Plantheon Opens Bt400m Chemical Fertiliser Plant29 May 2009 • by Natalie Aster
Plantheon, the agribusiness arm of the Sirivadhanabhakdi family, yesterday opened a Bt400-million chemical-fertiliser plant in Ayutthaya to satisfy its own needs as well as market demand.
"We expect to enter the fertiliser market, as there is less competition in the domestic market and there are limited manufacturers of fertiliser for energy plants in the global market," president Prasert Maekwatana said yesterday.
Plantheon's wholly owned subsidiary Terragro built the facility on 150 rai of land. Production capacity is 1 million tonnes per year.
About 80 per cent of its output will be marketed under the Crown brand and the rest is for the company's use.
In four years, the fertiliser market has expanded from Bt4 billion to Bt6 billion, or 4 million tonnes per year.
The company produced 250,000 tonnes of fertiliser last year and has more than 200 distributors around the country.

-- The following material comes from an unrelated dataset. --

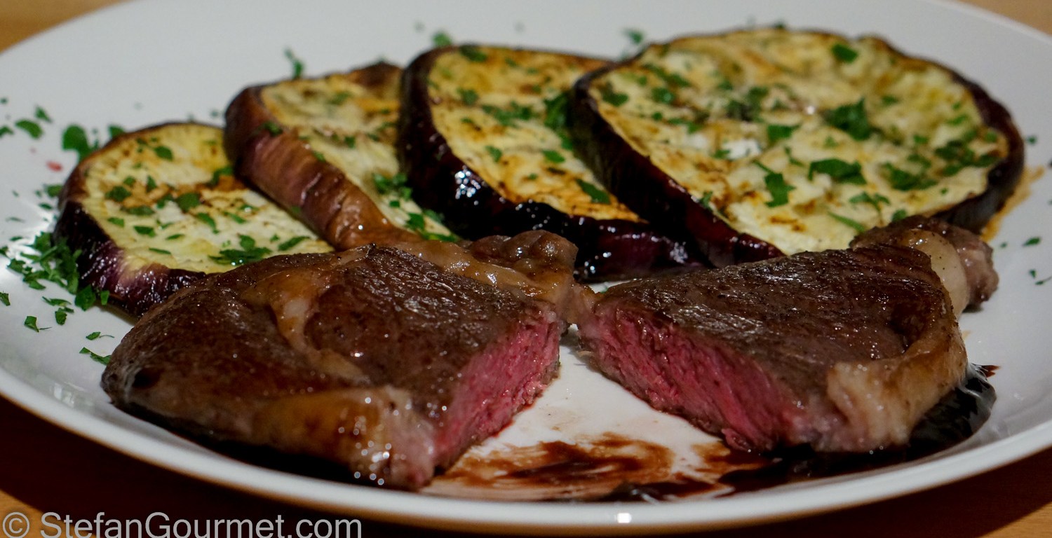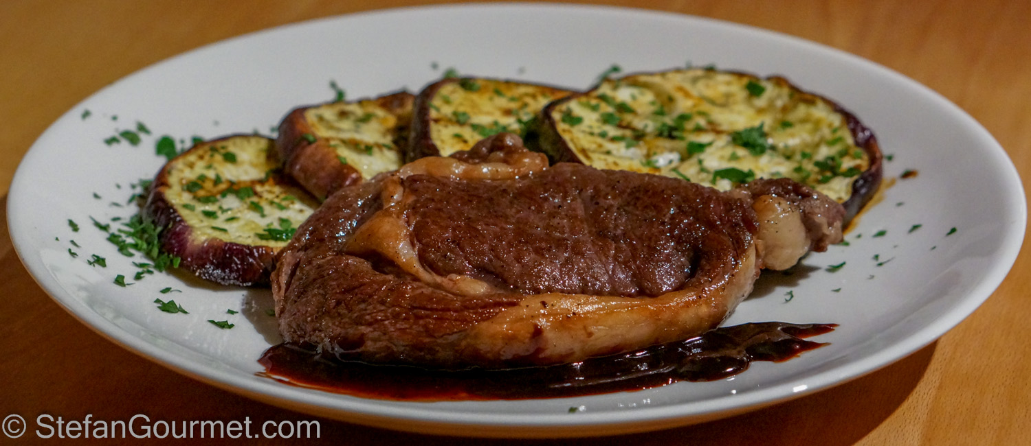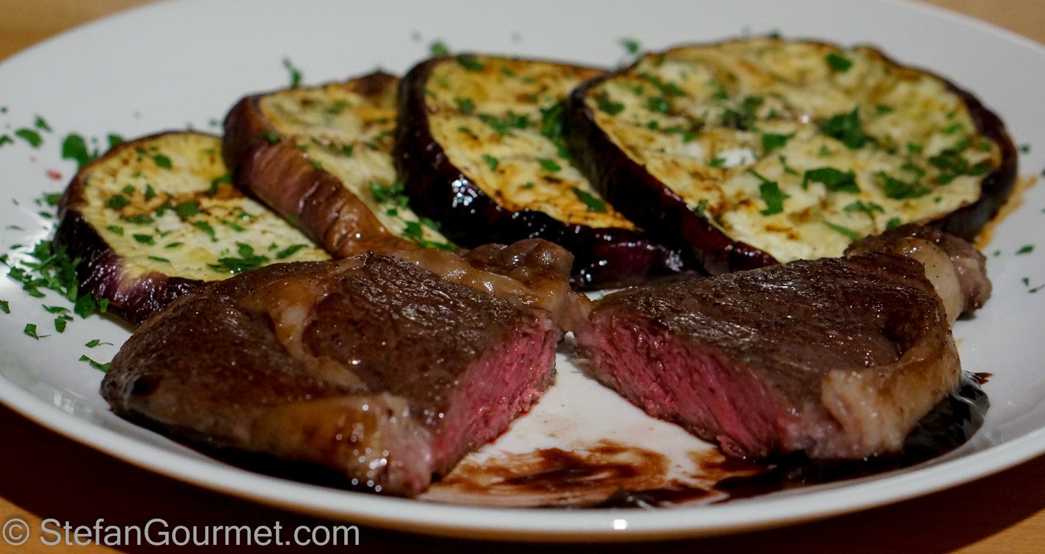 Bison rib eye is the best! Of course, I love eggplant. 🙂 Looks great, Stefan.

It plans to launch a marketing strategy emphasising brand recognition through demonstrations for consumers and distribution channels through price promotions, such as wholesale discounts.
"Despite the economic downturn and petroleum price instability, we still believe that the domestic fertiliser market will recover soon because next quarter is the season when farmers increase their production.
"The government also places great importance on food products. Farmers need to raise more to answer the demand from the market," Prasert said.
Plantheon has prepared seven types of chemical fertilisers to satisfy all consumer categories. Their chemical formulas depend on the kind of plant.
The company plans to increase the plant's capacity next year in expectation of 15-per-cent growth in sales.
Within three years, the company will reach the break-even point, Prasert added.